Purchasers of the Special Warrants will not be entitled to receive additional compensation warrants of the Company issuable to shareholders of record in connection with the Transaction(See Press Releases dated April 5, 2010 and April 1, 2010).
About Eurocontrol Technics Inc.
Eurocontrol Technics Inc. through its wholly owned subsidiary Global Fluids International S.A. ("GFI") is one of the world's pioneers in developing and implementing innovative molecular marking systems for the oil industry.Through its proprietary Petromark™ integral system, GFI has developed a 4-part solution consisting of a molecular marker, injection, monitoring and control components. Such oil industry cost realities along with GFI's 5-year R&D efforts to create its industry-leading marking solutions, along with access to capital provided by Eurocontrol Technics Inc. allows management to pursue numerous anticipated oil marking opportunities.
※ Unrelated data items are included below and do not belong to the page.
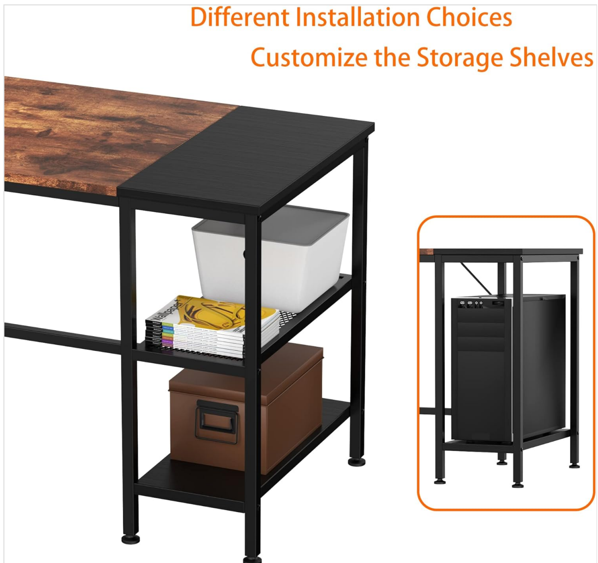
Image: Different Installation Choices for Storage Shelves. This diagram illustrates how the storage shelves can be configured on the right side of the desk, offering options for open shelving or space to accommodate a PC tower.
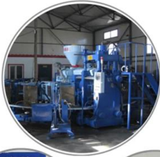
Automatic Injection Molding Machine
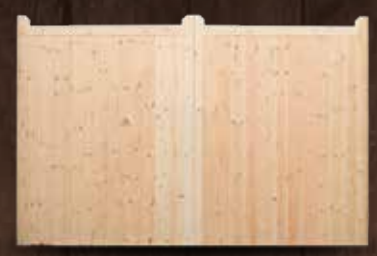
Square Top Gate

Square Top +£0.00 Omega Top +£75.00 Bow Top +£60.00 Pressure Treated Finish +£75.00

Completion of the Transaction is subject to a number of conditions, including final TSX Venture Exchange acceptance and disinterested shareholder approval. The Transaction cannot close until the required shareholder approval is obtained.There can be no assurance that the Transaction will be completed as proposed or at all.
Investors are cautioned that, except as disclosed in the Management Information Circular prepared by Eurocontrol in connection with the Transaction, any information released or received with respect to the business combination may not be accurate or complete and should not be relied upon. Trading in the securities of Eurocontrol should be considered highly speculative.
The TSX Venture Exchange has in no way passed upon the merits of the proposed transaction nor approved or disapproved of the contents of this news release.
This press release shall not constitute an offer to sell or solicitation of an offer to buy the securities in any jurisdiction. The securities will not be and have not been registered under the United States Securities Act of 1933 and may not be offered or sold in the United States absent registration or applicable exemption from the registration requirements.
Cautionary Note Regarding Forward-looking Information
Except for statements of historical fact contained herein, the information in this press release constitutes "forward-looking information" within the meaning of Canadian securities law. Such forward-looking information may be identified by words such as "plans", "proposes", "estimates", "intends", "expects", "believes", "may", "will" and include without limitation, statements regarding the future operating and financial performance of the Company, the proposed use of proceeds and the terms of the financing.There can be no assurance that such statements will prove to be accurate; actual results and future events could differ materially from such statements. Factors that could cause actual results to differ materially, include, among others, regulatory risks, market risks, competition risks, execution risks, country risks, and lack of a history of profitability. Most of these factors are outside the control of the Company.Investors are cautioned not to put undue reliance on forward-looking information.Except as otherwise required by applicable securities statutes or regulation, the Company expressly disclaims any intent or obligation to update publicly forward-looking information, whether as a result of new information, future events or otherwise.